And we also did a parody on, at the same date [of "Lost In A Whirlpool"], we did a parody of The Search For Bridey Murphy. [...] The story about the girl who gets hypnotised and taken back, and she supposedly remembers a life before the life that she's living now, and documents it all. Yeah, and goes through all these scenes, and so we did a parody on that where this guy is being hypnotised, and his voice—while he's being hypnotised the voice is played by one of the school teachers named Jerry Ullberg, who has a very nice white suburban sort of voice. And as he goes farther and farther back, he becomes Tom Dooley. And it turns out that Tom Dooley is a very uh, a sort of jivey negroid shoeshine boy or something, I don't know what kind of rendition Vliet is giving to it, but it's a funny concept, and it tells about how Tom Dooley gets hung because he was fucking some pie.

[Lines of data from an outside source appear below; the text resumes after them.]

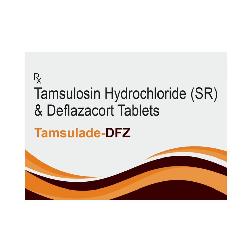 Tamsulade-DFZ Tablet SR is a combination of two medicines: Tamsulosin and Deflazacort. Tamsulosin is an alpha-blocker. It works by relaxing the muscle around the bladder exit and prostate gland so as to allow easy passage of urine. Deflazacort is a steroid medicine. It works by reducing inflammation (swelling) in the kidneys to promote the passage of the stones through urine.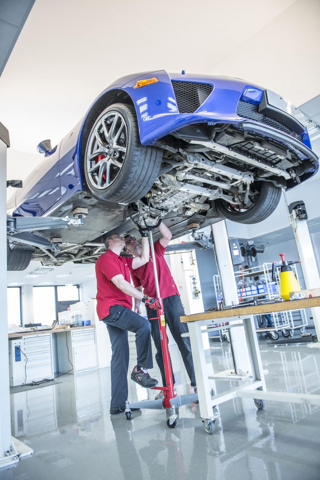 “Tratăm fiecare Lexus LFA ca pe o maşină care participă în cursa de la Le Mans. Principiile de bază de service sunt acelaşi ca pentru toate modelele Lexus, dar este mult mai dificil să facem unele lucruri şi să obţinem acces la anumite piese, ceea ce ne face să tratăm LFA mai mult ca o maşină de curse în ceea ce priveşte service-ul”, a declarat Peter Dresen, cel care conduce centrul TMG. Şi atenţia Toyota faţă de posesorii de Lexus LFA nu se opreşte aici. Aceştia nu sunt obligaţi să ducă maşina până la Koln de fiecare dată când aceasta are nevoie de o inspecţie. Dresen şi echipa sa se deplasează, împreună cu toată aparatura necesară, la marii dealeri din Europa.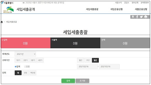 세입세출총괄은 한마디로 매일 지자체의 총수입액과 총지출액, 그리고 잔액 현황을 확인할 수 있는 메뉴다. 현재 다른 자치구들은 이 메뉴를 통해서 세입세출 내역을 살펴볼 수 있는데, 은평구의 경우 무슨 이유인지는 몰라도 얼마 전부터 검색이 제대로 되지 않아, 세입세출총괄 내역을 확인할 수 없는 상황이다.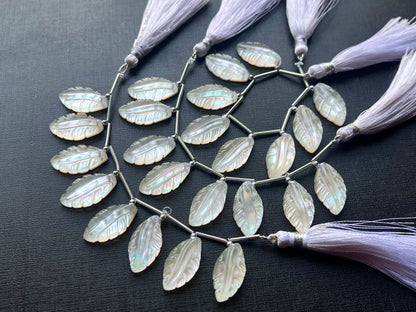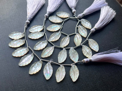 iridescence effect, Natural Mother of Pearl and Crystal Doublet leaf carving beads, Hand carved gemstone beads for jewelry making, 10x20mm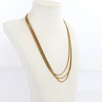 Collier : en or 750 mil. composé de 3 rangs à fine maille palmier, fermoir cliquet et huit de sécurité. (Longueur : 43 cm environ). 30,9 g.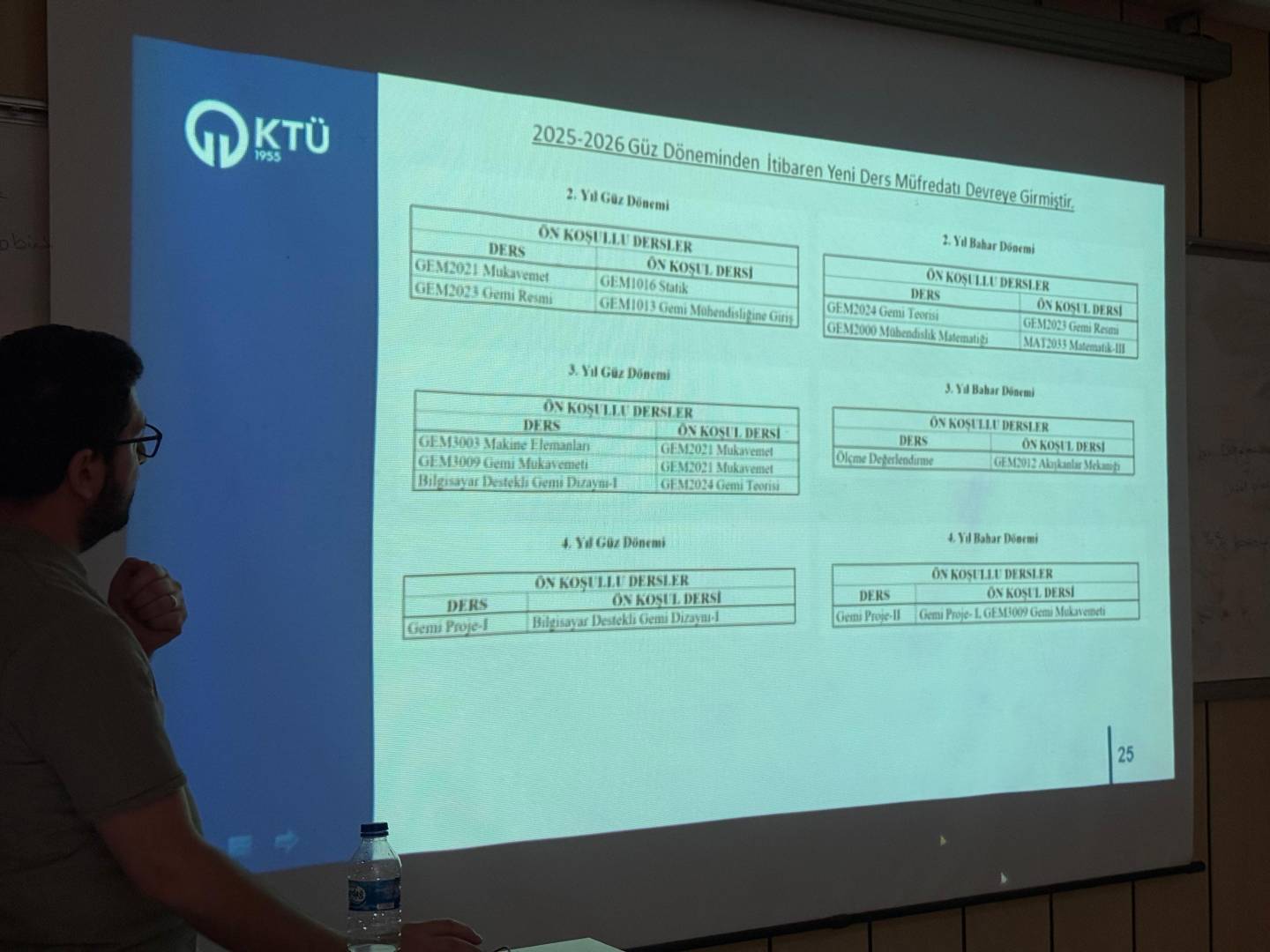 Program kapsamında Bölüm Başkan Yardımcımız Dr. Öğr. Üyesi Dursun SARAL, bölümümüzü yeni kazanan öğrencilerimize Bölümümüzün tanıtımını, MÜDEK Akreditasyon sürecini ve 2025-2026 Eğitim-Öğretim Yılı güz dönemi itibarı ile uygulamaya konulan yeni ders müfradat planını ve nasıl işleyeceğini anlatmıştır.

In 1956, Morey Bernstein wrote a (non-fiction) book about a woman named Ruth Simmons, who, under hypnosis, spoke in the voice of Bridey Murphy, a nineteenth-century woman from Cork, Ireland. A movie was made about it the same year. And Stan Freberg recorded "The Quest For Bridey Hammerschlaugen" (released as the b-side of The Great Pretender [April, 1956]).
"Tom Dooley" is an old North Carolina folk song based on the 1866 murder of a woman named Laura Foster in Wilkes County, North Carolina. It is best known today because of a hit version recorded in 1958 by The Kingston Trio. This version was a multi-format hit, reaching #1 in Billboard, the Billboard R&B listing, and appearing in the Cashbox country music top 20.